Polls showed Americans largely supported Obama's contention that taxes need to be raised for those earning incomes above $250,000, while revoking loopholes that benefit hugely profitable oil companies and operators of hedge funds. Nevertheless, the extended and bitter fight over raising the debt ceiling, a routine matter for in past Congresses, damaged the standing of Obama and lawmakers.
A new CNN/ORC International poll found that just 14 per cent of those questioned approved of the way Congress is handling its job. Obama approval rating stood at 45 per cent.
He deeply alienated many members of his liberal base as he took increasingly centrist positions, apparently banking on picking up support from independent, middle-of-the-road voters.
After weeks of some of the nastiest political battles in recent U.S. history, both the Senate and House easily adopted the plan. In tandem, legislators approved more than $2 trillion of budget cuts over the upcoming decade.
Because the deal prescribes significant cuts to US federal spending, it was widely expected to buoy global investors and diminish chances of Treasury bonds undergoing a credit downgrade. That would increase the cost of borrowing both for the government and consumers.
But as the measure cleared its last legislative hurdle, world markets were down, the Dow Jones off for an eighth straight day.
"Neither side got all it wanted, each side laments what it didn't get," Democratic Majority Leader Senator Harry Reid said.

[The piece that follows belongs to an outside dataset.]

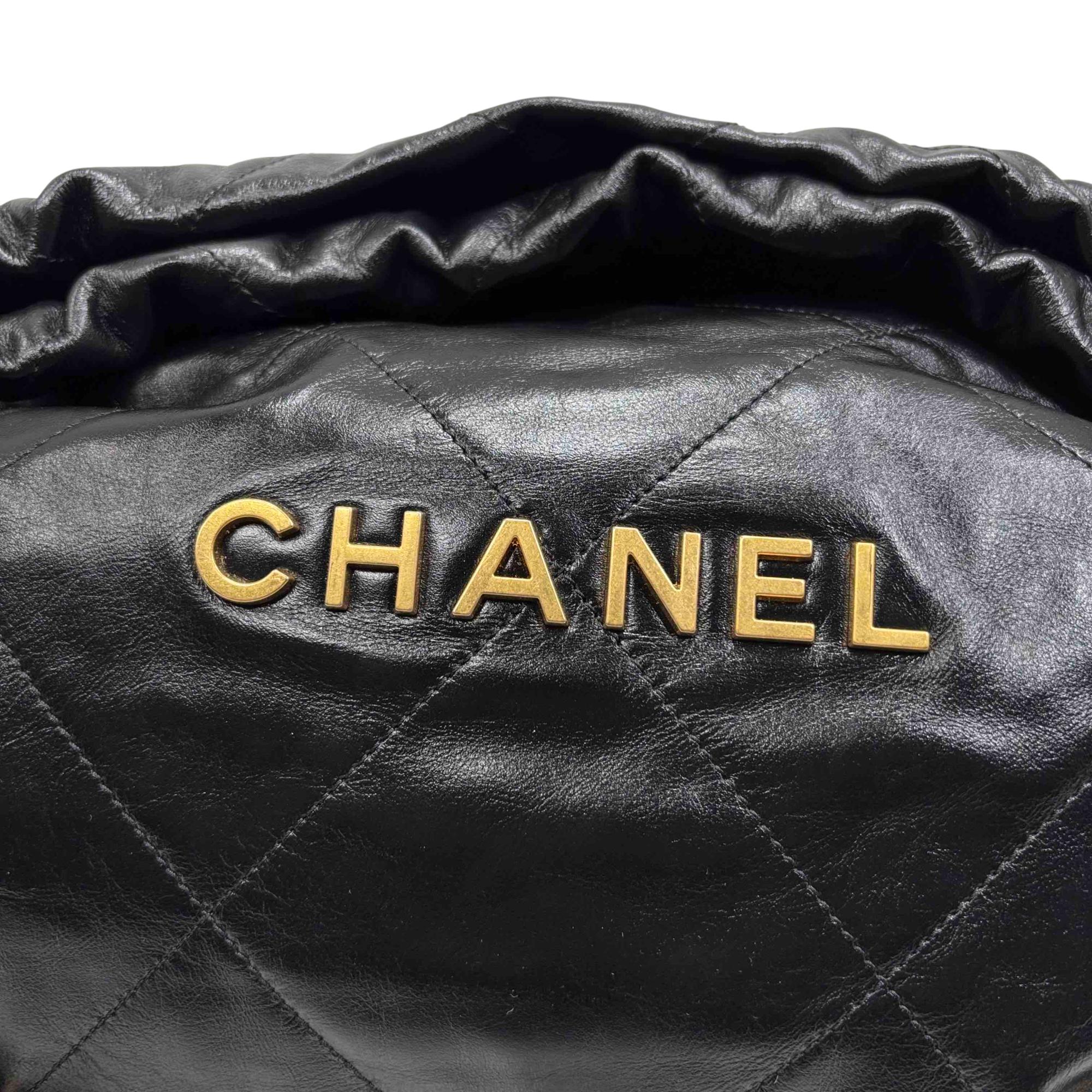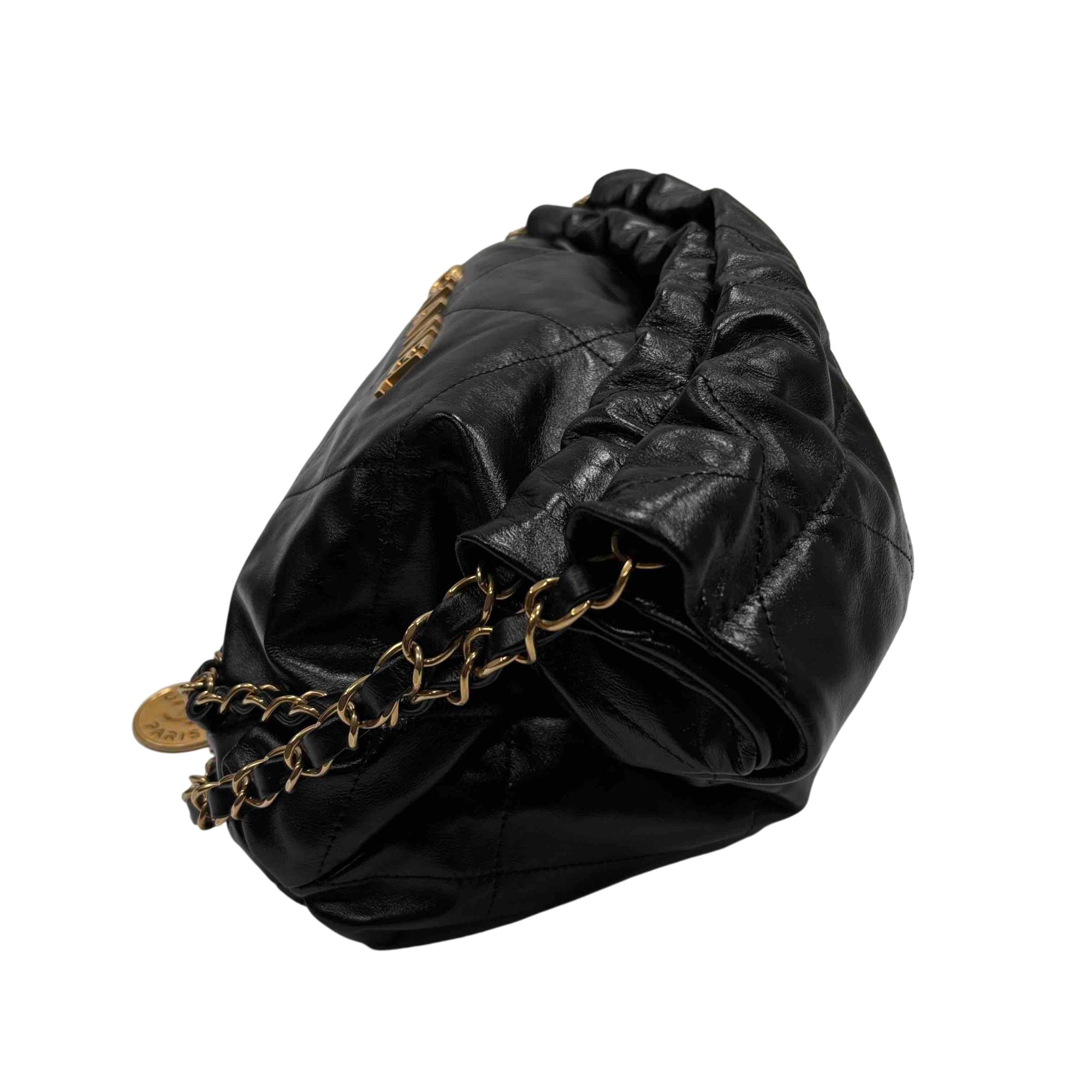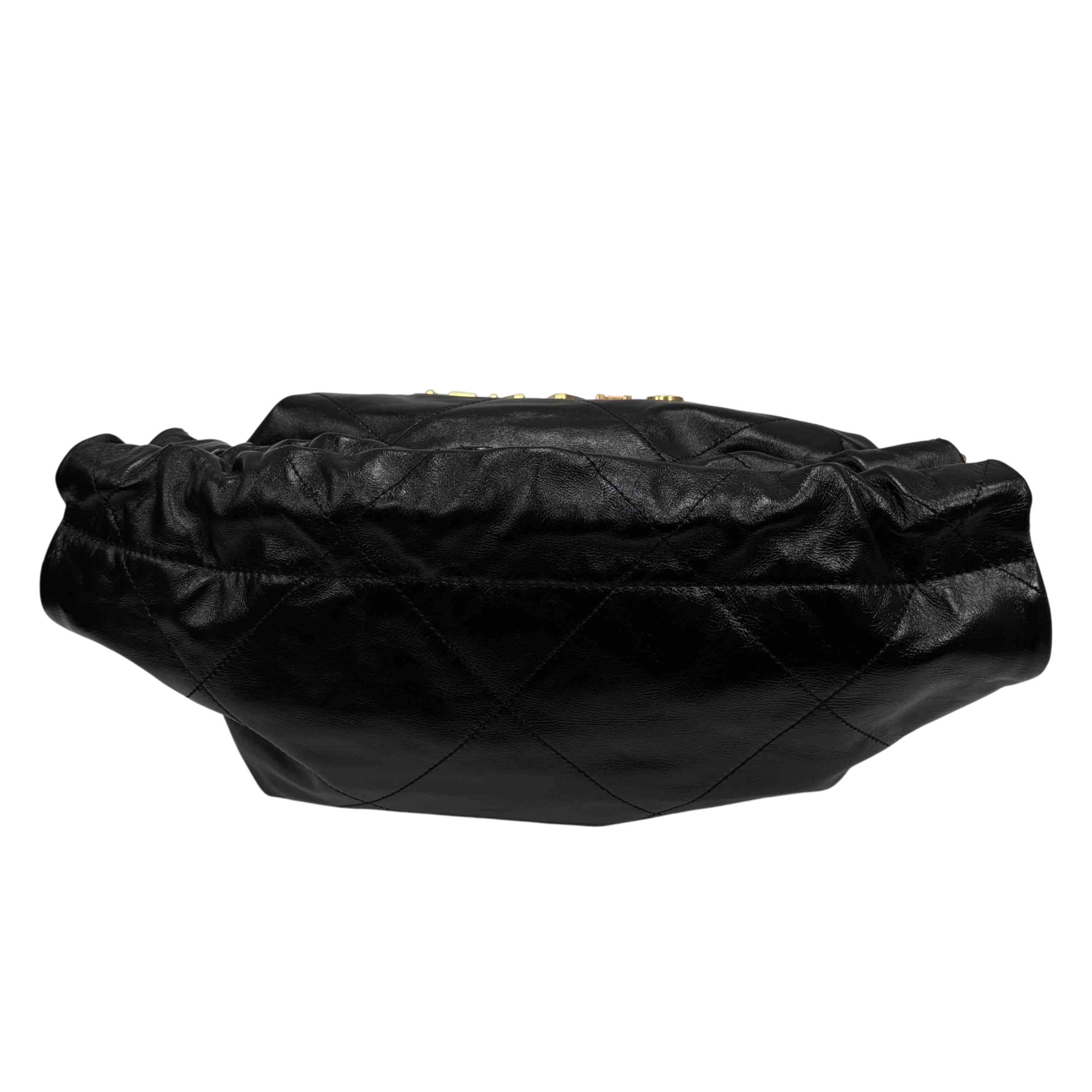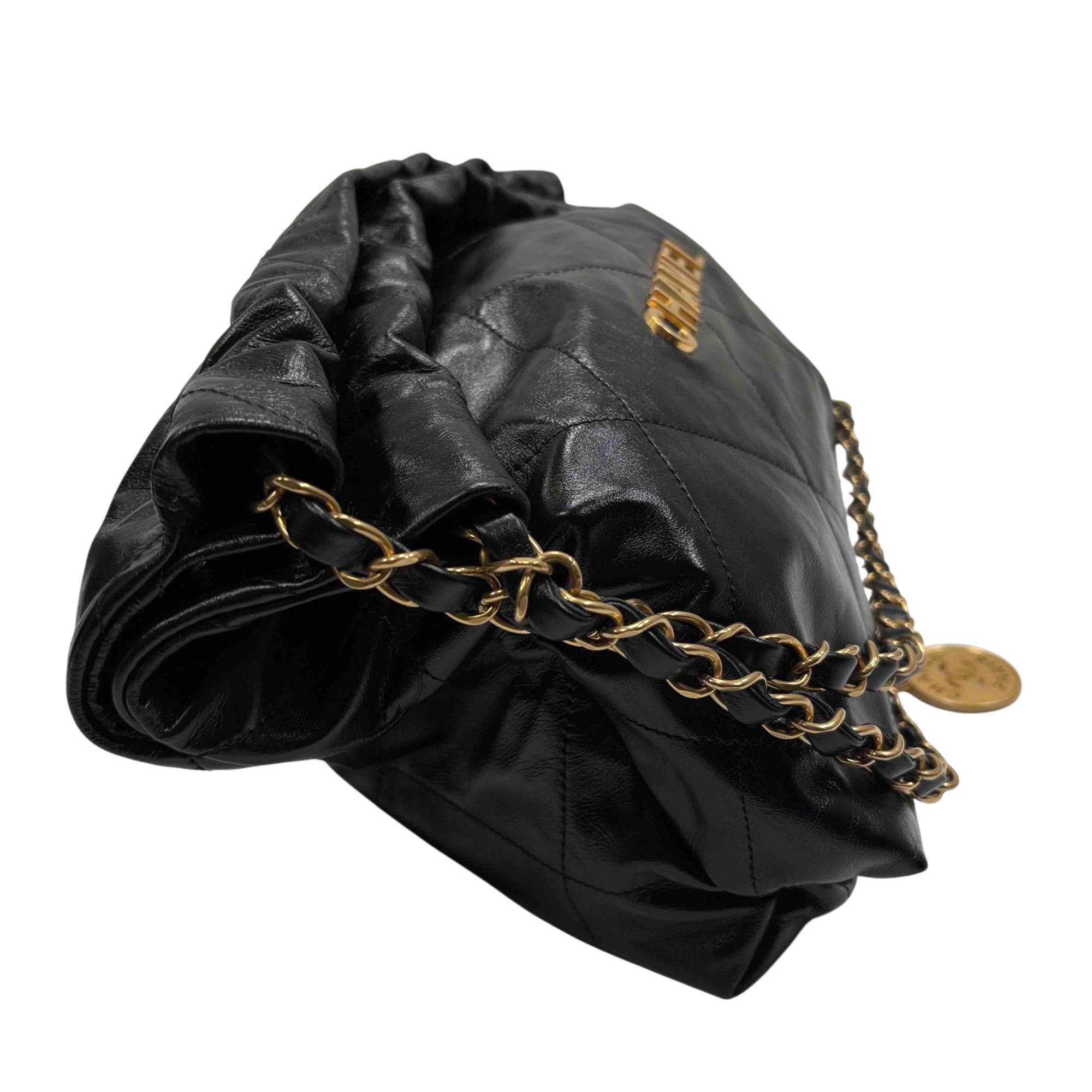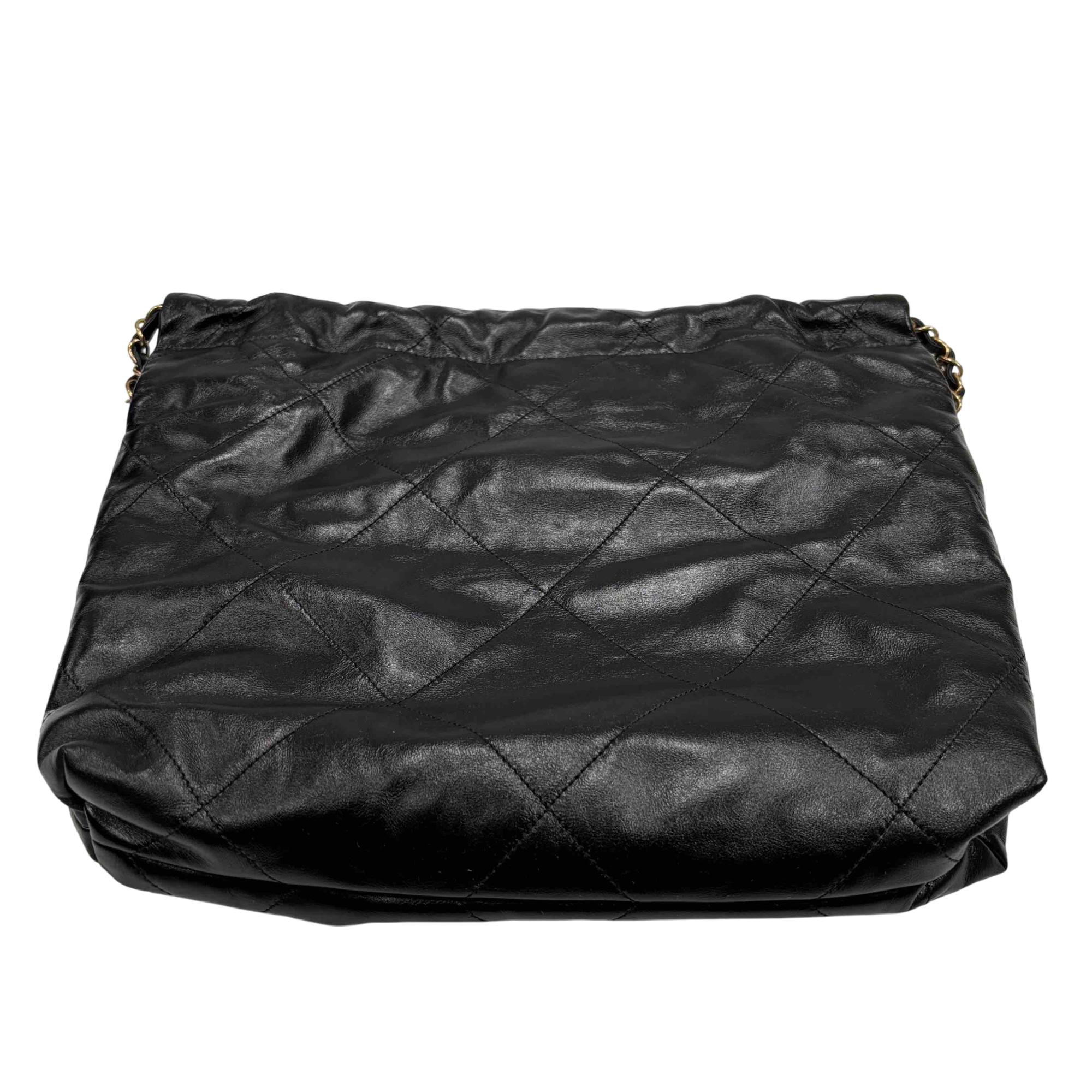 Elevate your style with the Chanel 22 Bag, expertly crafted in luxurious black quilted leather and adorned with iconic gold hardware. This stunning accessory is perfect for any occasion, providing both elegance and practicality with its spacious interior and chic design. Make a statement with this timeless piece that promises to enhance any outfit. Certified authentic by Entrupy.

"Today we made sure America can pay its bills. Now it's time to make sure all Americans can pay theirs," said Reid, foreshadowing Democrats plans to shift their attention to creating jobs. US unemployment remains above 9 percent.
Investors were unnerved by spreading debt troubles in Europe and a decline in U.S. consumer spending to the lowest level in two years. The bad news signaled a further slowing of the fragile US economic recovery and snuffed out optimism over the hard-fought vote in Congress.
Polls showed that Congress and Obama have taken a sharp hit in U.S. public opinion because of the prolonged battle over lifting the debt ceiling, something that past Congresses have done as a matter of course.
Without legislation in place by the end of today, the Treasury would run out of cash needed to pay investors in Treasury bonds, recipients of Social Security pension checks, anyone relying on military veterans' benefits and businesses that do work for the government.
Treasury Secretary Timothy Geithner told ABC News Monday that he doesn't know if the bruising debt-limit battle will harm America's Triple-A credit rating, but says he fears "world confidence was damaged by this spectacle."
Geithner told ABC that credit rating is "not my judgment to make." But he also says "this is, in some ways, a judgment on the capacity of Congress to act."